Our goal in this assignment is to predict the interest rate of government debt as accurately as possible.
The California DebtWatch contains the following information:
The principal amounts, sale dates, interest rates, terms, purposes, ratings, costs of issuance, financing team participants, issuance documents, and annual reporting (if applicable), among 67 other data points required under California Government Code section 8855, of the various types of debt issued by all state and local government agencies in California.
Download the data in CSV format and load it into R. Randomly select 20% of the rows and save them into a test set to use later to evaluate the performance of your model. Which column(s) represent interest rate?
set.seed(280)
debt = read.csv("C:/Users/kanni/Downloads/CDA_ALL_Raw.csv")
dim(debt)
## [1] 67043 68
debt20 = debt[sample(nrow(debt), round(0.2*67043)), ]
dim(debt20)
## [1] 13409 68
debt80 = debt[sample(nrow(debt), round(0.8*67043)), ]
dim(debt80)
## [1] 53634 68
grep("interest.rate", colnames(debt80), ignore.case = TRUE, value = TRUE)
## [1] "TIC.Interest.Rate" "NIC.Interest.Rate"
Define one or more new columns from existing text columns in the data set. For example, you could add a logical column indicating whether the term “lease” appears in some column. Why do you think this new column will help you improve the accuracy of your model?
rate = rep(0, times = nrow(debt80))
rate[!is.na(debt80$TIC.Interest.Rate) & is.na(debt80$NIC.Interest.Rate)] = debt80$TIC.Interest.Rate
## Warning in rate[!is.na(debt80$TIC.Interest.Rate) &
## is.na(debt80$NIC.Interest.Rate)] = debt80$TIC.Interest.Rate: number of items to
## replace is not a multiple of replacement length
rate[is.na(debt80$TIC.Interest.Rate) & !is.na(debt80$NIC.Interest.Rate)] = debt80$NIC.Interest.Rate
## Warning in rate[is.na(debt80$TIC.Interest.Rate) & !

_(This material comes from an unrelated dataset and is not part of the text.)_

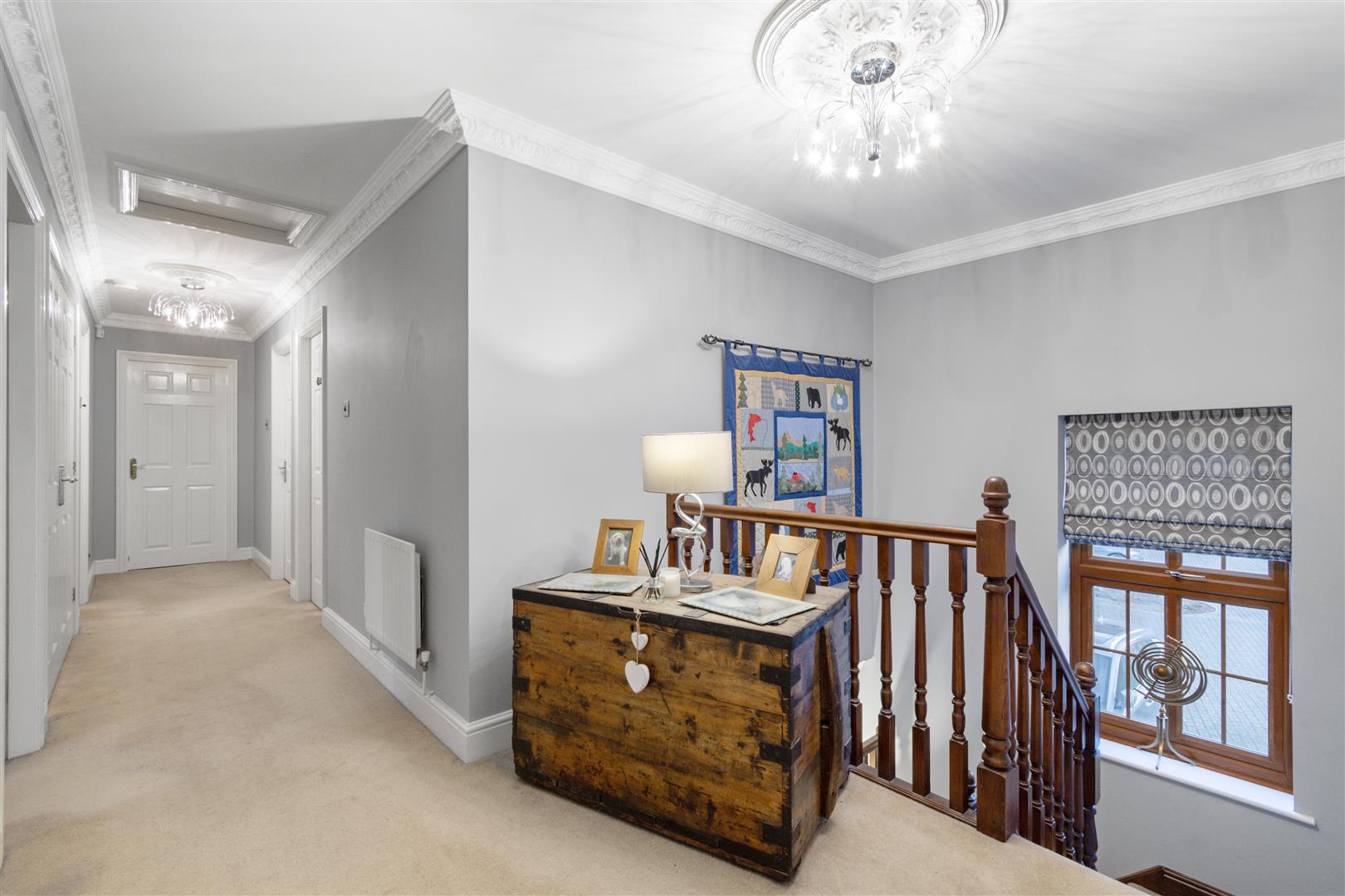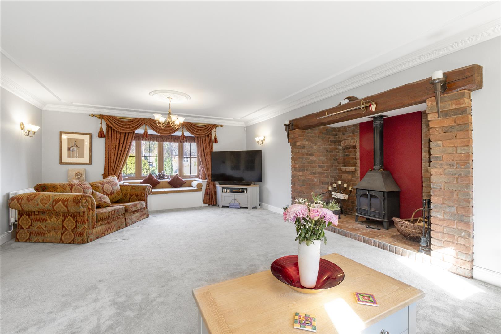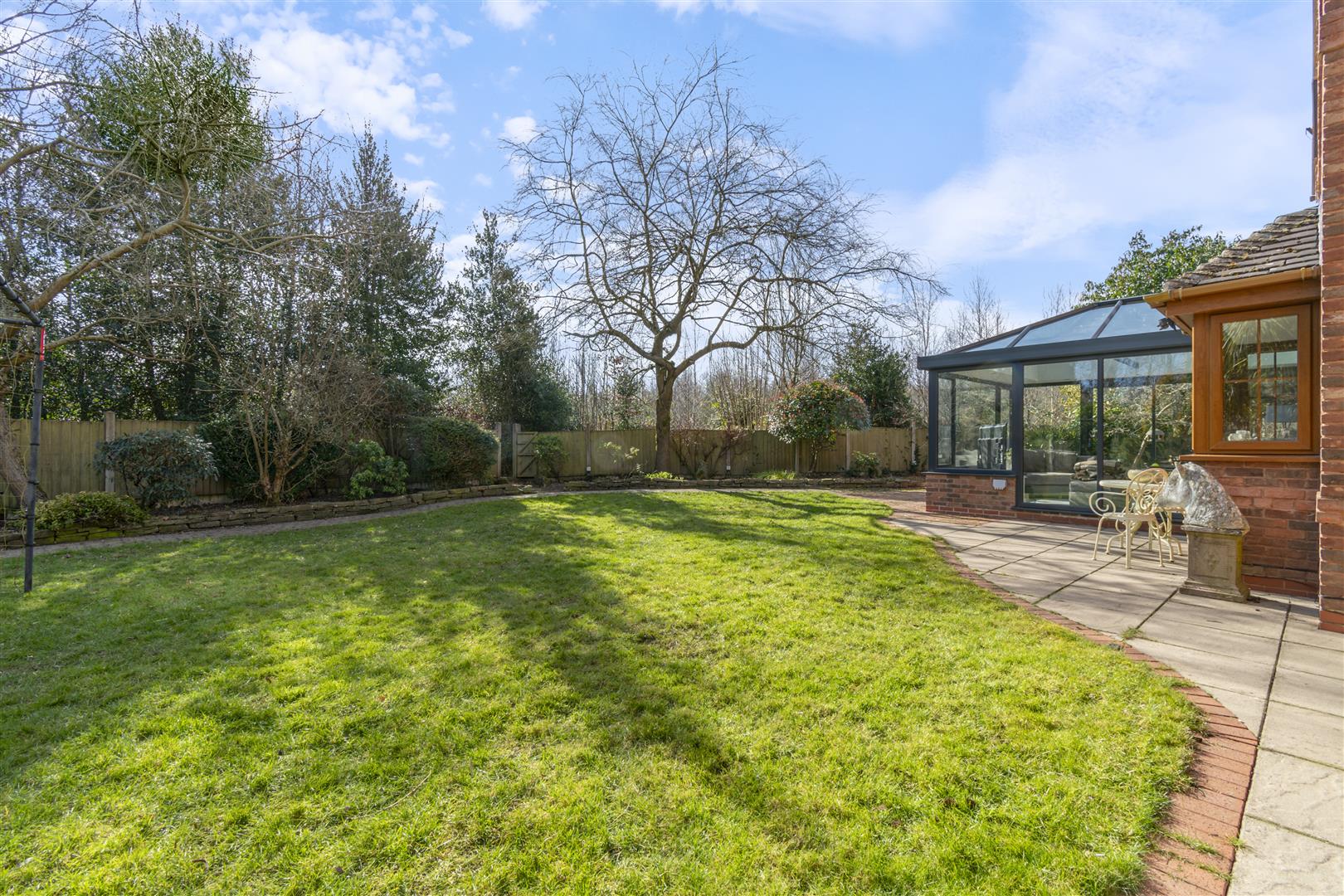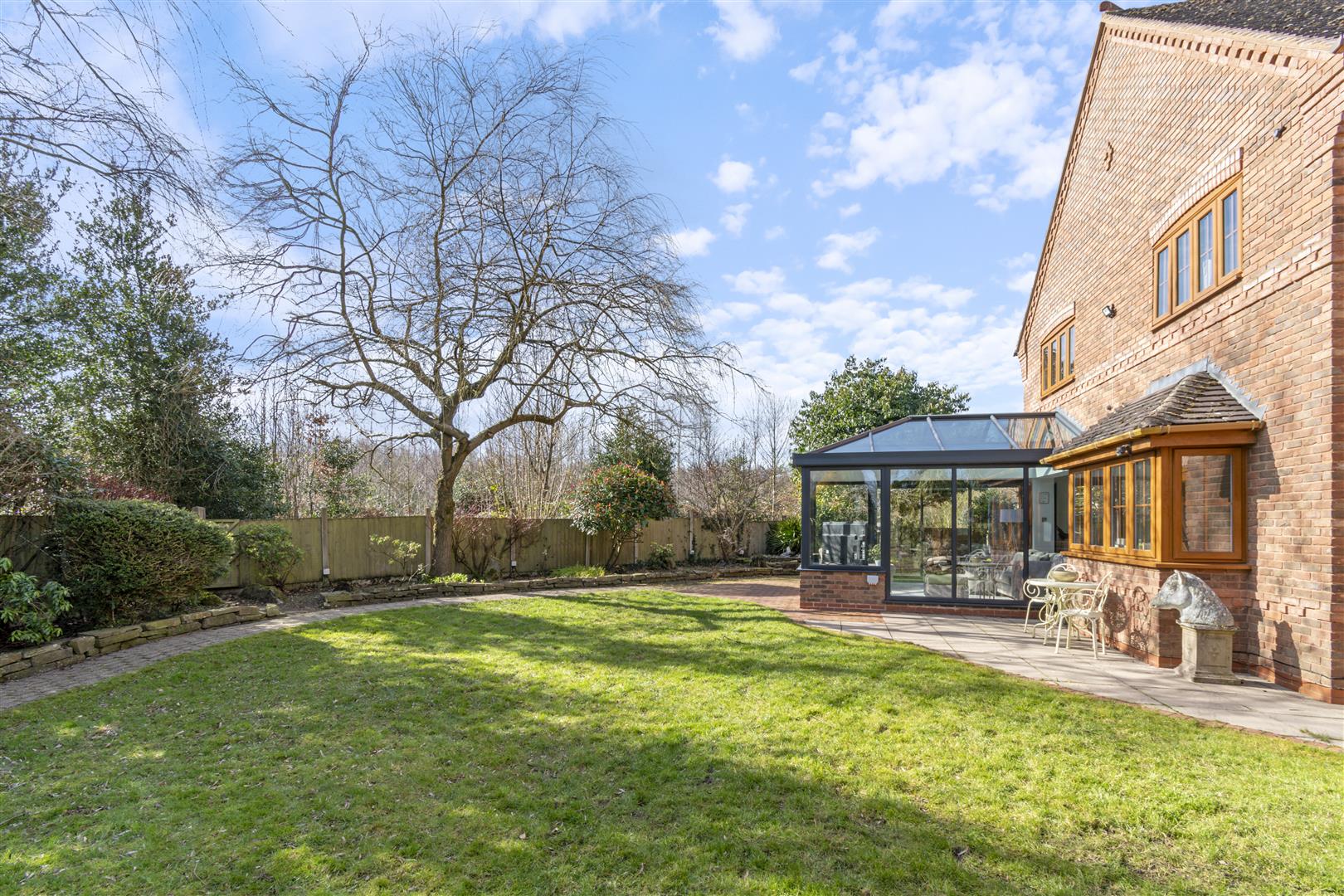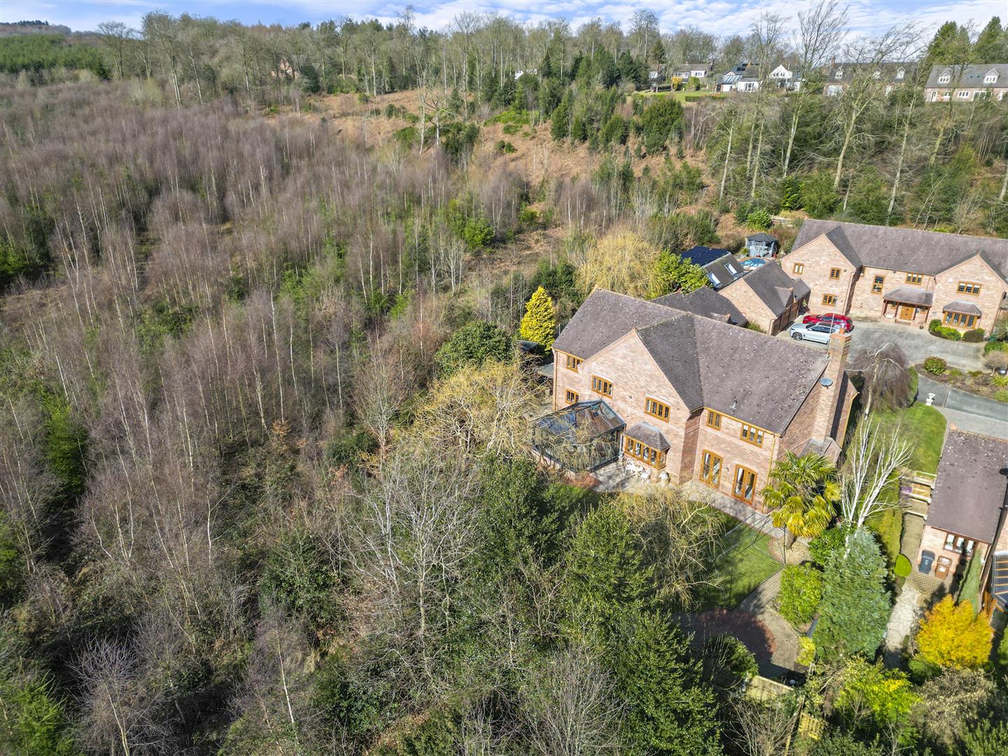 Perfect for entertaining, the landscaped gardens include a paved terrace, outdoor bar, and kitchen. Upstairs, the galleried landing leads to five generous bedrooms, three with en-suites, including a luxurious principal suite. A study, utility room, and triple garage complete this exceptional home backing directly onto Cannock Chase woodland.

## is.na(debt80$NIC.Interest.Rate)] = debt80$NIC.Interest.Rate: number of items to
## replace is not a multiple of replacement length
rate[is.na(debt80$TIC.Interest.Rate) & is.na(debt80$NIC.Interest.Rate)] = NA
debt80$rate = rate
summary(debt80$TIC.Interest.Rate)
## Min. 1st Qu. Median Mean 3rd Qu. Max. NA's
## 0.000 2.656 4.022 4.192 5.950 71.468 26409
summary(debt80$NIC.Interest.Rate)
## Min. 1st Qu. Median Mean 3rd Qu. Max. NA's
## 0.000 2.868 4.271 4.393 6.200 63.037 16837
summary(debt80$rate)
## Min. 1st Qu. Median Mean 3rd Qu. Max. NA's
## 0.000 0.000 0.000 2.384 4.486 63.037 17763
Use the remaining 80% of the data (the training set) to come up with two different models to predict interest rate. You’re welcome to use any external machine learning libraries you like, or you can stick with the lm
and rpart
from class. Note that you can come up with different models by using different subsets of columns. For example, a model with 3 input columns differs from a model with 60 input columns. Briefly describe the two models you ended up with.
library(rpart)
debt80$by.Year = as.POSIXct(debt80$Sale.Date, format = "%m/%d/%Y %H:%M:%OS %p")
fit1 = rpart(rate ~ Principal.Amount, data = debt80)
fit2 = lm(rate ~ by.Year, data = debt80)
length(debt80$Principal.Amount)
## [1] 53634
length(debt80$rate)
## [1] 53634
length(debt80$by.Year)
## [1] 53634
plot(debt80$Principal.Amount, debt80$rate)
#lines(debt80$Principal.Amount,predict(fit1), col = "blue",lwd = 2)
plot(debt80$by.Year, debt80$rate)
#lines(debt80$by.Year,predict(fit2), col = "green",lwd = 2)
Evaluate both of your models on the 20% of the data you reserved for the test set by looking at the average absolute difference between the interest rate predicted by the model and the actual interest rate. Do the models do a reasonable job of predicting interest rate? Find the rows where the predicted interest rate is farthest from the true interest rate. Why might the model have done a poor job on these rows?